_The task:_
Leave out the pictures and restate the rest of the data exactly.

_Exercise data:_

━━━━━━━━━━━━━━━━━━━━━━━━━━━━━━

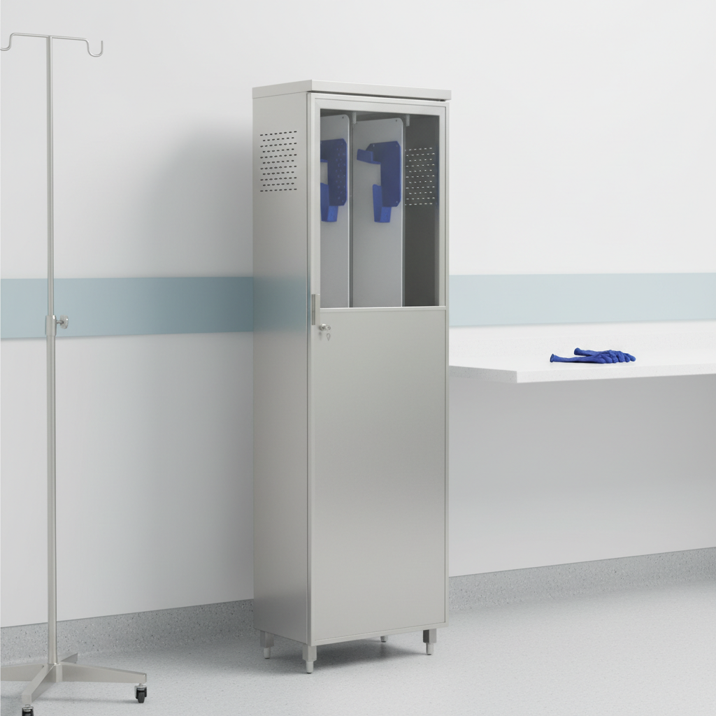 A tall, slender stainless steel cabinet specifically designed for storing endoscopes.
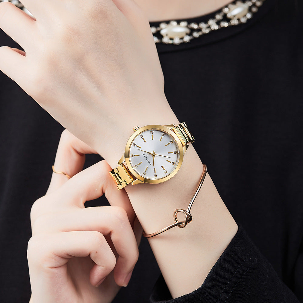 El Reloj Mini Focus Élite es la pieza que toda mujer necesita para elevar su look diario. Diseñado con una estética minimalista y moderna, este reloj combina la robustez del acero inoxidable con la delicadeza de los detalles de joyería, creando un accesorio que no solo da la hora, sino que cuenta una historia de sofisticación.
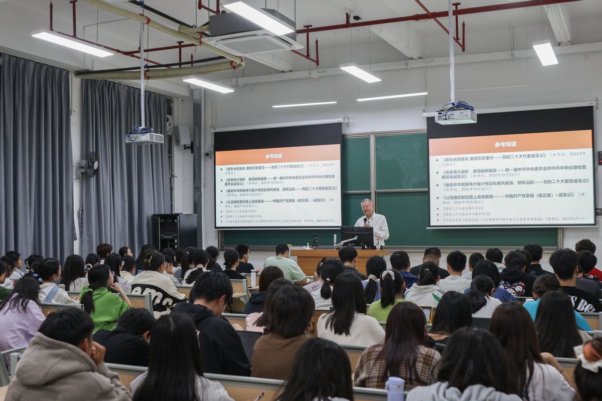 开云下注(中国)官网网广州3月7日电(记者孙琛)3月6日晚上,学校党委书记陈春声教授来到广州校区南校园丰盛堂C101教室,在“习近平新时代中国特色社会主义思想概论”课堂上为政治与公共事务管理学院2022级的106名本科生讲授“思政第一课”,宣讲党的二十大精神。陈春声书记结合自身参会经历和体会,以“以科教兴国战略助力中国式现代化——学习党的二十大精神”为主题进行了课程讲授。

━━━━━━━━━━━━━━━━━━━━━━━━━━━━━━

_Written response:_
 A tall, slender stainless steel cabinet specifically designed for storing endoscopes.
 El Reloj Mini Focus Élite es la pieza que toda mujer necesita para elevar su look diario. Diseñado con una estética minimalista y moderna, este reloj combina la robustez del acero inoxidable con la delicadeza de los detalles de joyería, creando un accesorio que no solo da la hora, sino que cuenta una historia de sofisticación.
 开云下注(中国)官网网广州3月7日电(记者孙琛)3月6日晚上,学校党委书记陈春声教授来到广州校区南校园丰盛堂C101教室,在“习近平新时代中国特色社会主义思想概论”课堂上为政治与公共事务管理学院2022级的106名本科生讲授“思政第一课”,宣讲党的二十大精神。陈春声书记结合自身参会经历和体会,以“以科教兴国战略助力中国式现代化——学习党的二十大精神”为主题进行了课程讲授。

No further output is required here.